几天前,许闵找上了姜绪瓷,只不过脸上不再有过去那样的伪装,丝毫不掩饰厌恶,开口便是冷嘲热讽。
此时的姜绪瓷眼下乌青明显,脸色苍白的不像话,姜绪瓷的这张脸放平时,尽管素颜那也是十分抗打的,可现在却十分憔悴。
“怎么几天不见,姜总这么失魂落魄?”
“有事说事。”
看不惯姜绪瓷这副高高在上的样子,想起这段时间自己因为她挨了多少父亲的骂,又是被她怎样针对导致货一直被卡,怨恨就控制不住想要发泄出来。
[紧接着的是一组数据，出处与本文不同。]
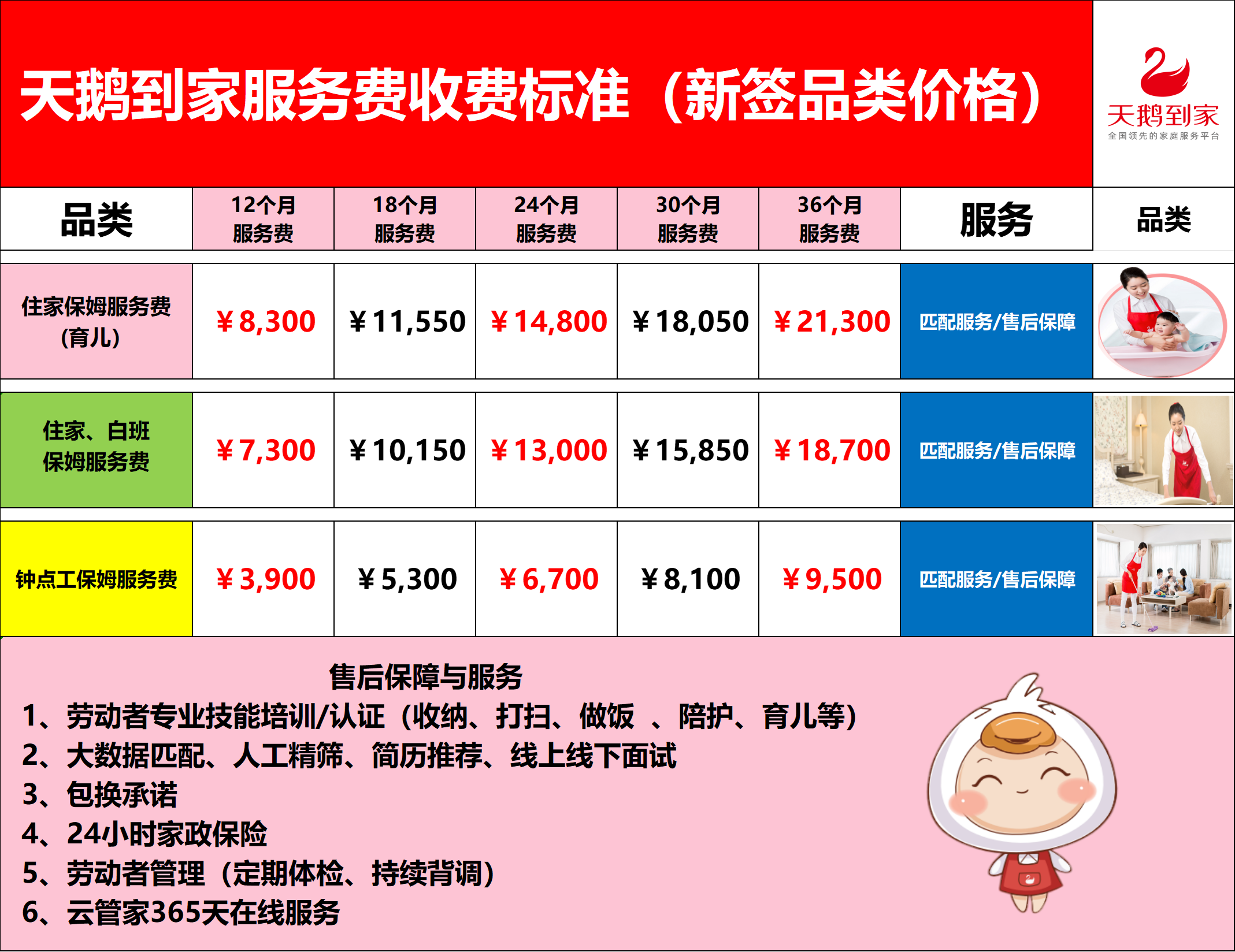 天鹅到家——育儿保姆服务费报价

许闵知道姜绪瓷的软肋是什么,看她的样子也大概猜出了在女人身上发生了什么事。
“看样子你知道真相了?”
“什么?”
姜绪瓷蹙着眉,盯着许闵,似是不理解为什么这件事连许闵都知道。
可那有那么多为什么,矛盾发酵的这么快完全有许闵的功劳,可她要让姜绪瓷付出加倍的痛,于是再次添油加醋。
“我当然知道了,你不知道吧?那天在顾家吃饭,是顾韵主动找到我要合作,我只是给她看了一些东西,她也不管是真是假就和你反目成仇。”
顾韵对她连最基本的信任都没有,更别说是那样珍贵的爱了,姜绪瓷这样想着,头也越来越低,腰都快直不起来。
一切事实真相全都浮现出来,一个个摆在姜绪瓷面前。
她再也无法自欺欺人,再也无法安慰自己,只要付出真心顾韵就会好好爱她。
也再也不敢奢望爱。
那天姜绪瓷回到家,一进门就蹲在玄关处泣不成声,如小兽般的呜咽声在房子内回荡。
女人就蹲在地上,双手捂着脸,身子直发抖,有什么从指缝间滑出,又滴落在地板。
夜晚的南城十分繁华,街道上满是热闹的人声,只有公寓内的姜绪瓷是孤单一人,独有月光相伴。